Application no. 26184/02
by Gottfried WIRTH
The European Court of Human Rights (First Section), sitting on 2 February 2006 as a Chamber composed of:
Mr C.L. Rozakis, President,
Mr L. Loucaides,
Mrs F. Tulkens,
Mrs E. Steiner,
Mr K. Hajiyev,
Mr D. Spielmann,
Mr S.E. Jebens, judges,
and Mr S. Nielsen, Section Registrar,
Having regard to the above application lodged on 1 July 2002,
Having deliberated, decides as follows:
The applicant, Mr Gottfried Wirth, is an Austrian national who was born in 1957 and lives in Vienna. The Austrian Government (“the Government”) are represented by their Agent, Ambassador Ferdinand Trauttmansdorff, Head of the International Law Department at the Federal Ministry of Foreign Affairs.
The facts of the case, as submitted by the parties, may be summarised as follows.
On 10 May 1999 the applicant and four other persons notified the Vienna Public Security Authority that they wished to form an association with the name “Action Group of Catholic Laity and Clergy in the Diocese of Vienna”.
The Public Security Authority prohibited the formation of the association by decision of 18 June 1999. The applicant’s appeal to the Federal Minister for the Interior was of no avail.

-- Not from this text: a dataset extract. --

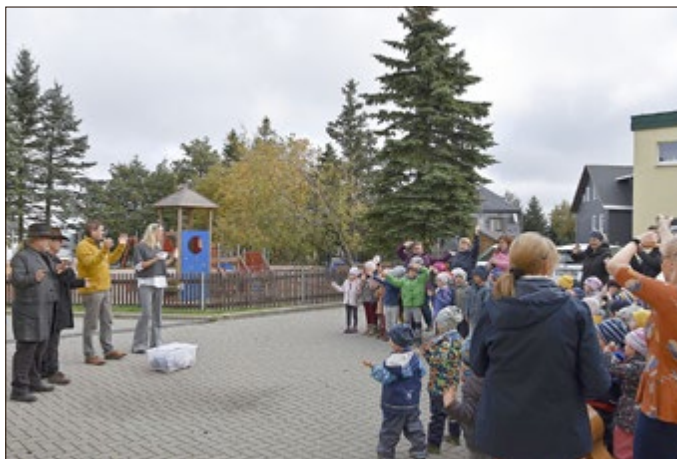
Die Kinder der Seepferdchen, Seesterne, Schmetterlinge und Bienen bedankten sich mit herbstlichen Liedern und einem schwungvollen Tanz.

Da staunten die Kinder des AWO integrativen Kindergartens „Tausendfüßler“ nicht schlecht, als plötzlich zwei Cowboys bei ihnen im Kindergarten auftauchten. Im Gepäck hatten sie eine großzügige finanzielle Spende für die Kinder der Kindergärten „Tausendfüßler“, dem „Haus der kleinen Strolche“ und dem „Kinderland am Apelsberg“. Im September waren die Kinder der Stadt Neuhaus am Rennweg mit ihren Familien herzlich auf die Crazy Ranch eingeladen. Die Einnahmen dieses Festes sollen nun den 222 Kindern der drei Kindergärten zugutekommen. Dafür bedanken sich die drei Neuhäuser Kindergärten von Herzen. Auch mitgebrachte Süßigkeiten und Spielsachen fanden bei den Kindern reißenden Absatz. Natürlich haben die „Tausendfüßler“-Kinder schon die ersten Ideen, was sie sich mit dem Geld gerne kaufen würden: Auf der Wunschliste ganz oben stehen neue Holzpferde für den Spielplatz, um auf deren Rücken auch einmal ein richtiger Cowboy zu sein. Zusammen mit allen Kindern werden aber noch weitere Ideen gesucht und wir sind gespannt für was sie sich letztendlich entscheiden werden.

On 11 December 2001 the Constitutional Court dismissed the applicant’s complaint as being unfounded.
Following communication of the application to the respondent Government, the applicant did not nominate a representative within the time-limit set by the Court, nor did he submit any observations. By registered letter of 10 November 2004 he was warned that his failure to react may lead the Court to strike his application out of its list of cases. The applicant did not reply.
The applicant complained under Article 11 of the Convention that the prohibition of the intended religious association violated his right to freedom of association. He further submitted that the prohibition was unlawful as it had not been served on him within the time-limit provided for in the Association Act.
The Court notes that, following the communication of the application to the respondent Government, the applicant failed to react to correspondence from the Court despite an explicit warning as regards the possible consequences of such a failure.
The Court reiterates the terms of Article 37 § 1 of the Convention which, so far as relevant, reads as follows:
“1. The Court may at any stage of the proceedings decide to strike an application out of its list of cases where the circumstances lead to the conclusion that
(a) the applicant does not intend to pursue his application; or ...
However, the Court shall continue the examination of the application if respect for human rights as defined in the Convention and the Protocols thereto so requires.”
Having regard to the circumstances of the present case, the Court concludes that the applicant does not intend to pursue his application. It finds no public policy reasons to justify a continued examination of the application (Article 37 § 1 in fine of the Convention). Accordingly, the case should be struck out of the list.
For these reasons, the Court unanimously
Decides to strike the application out of its list of cases.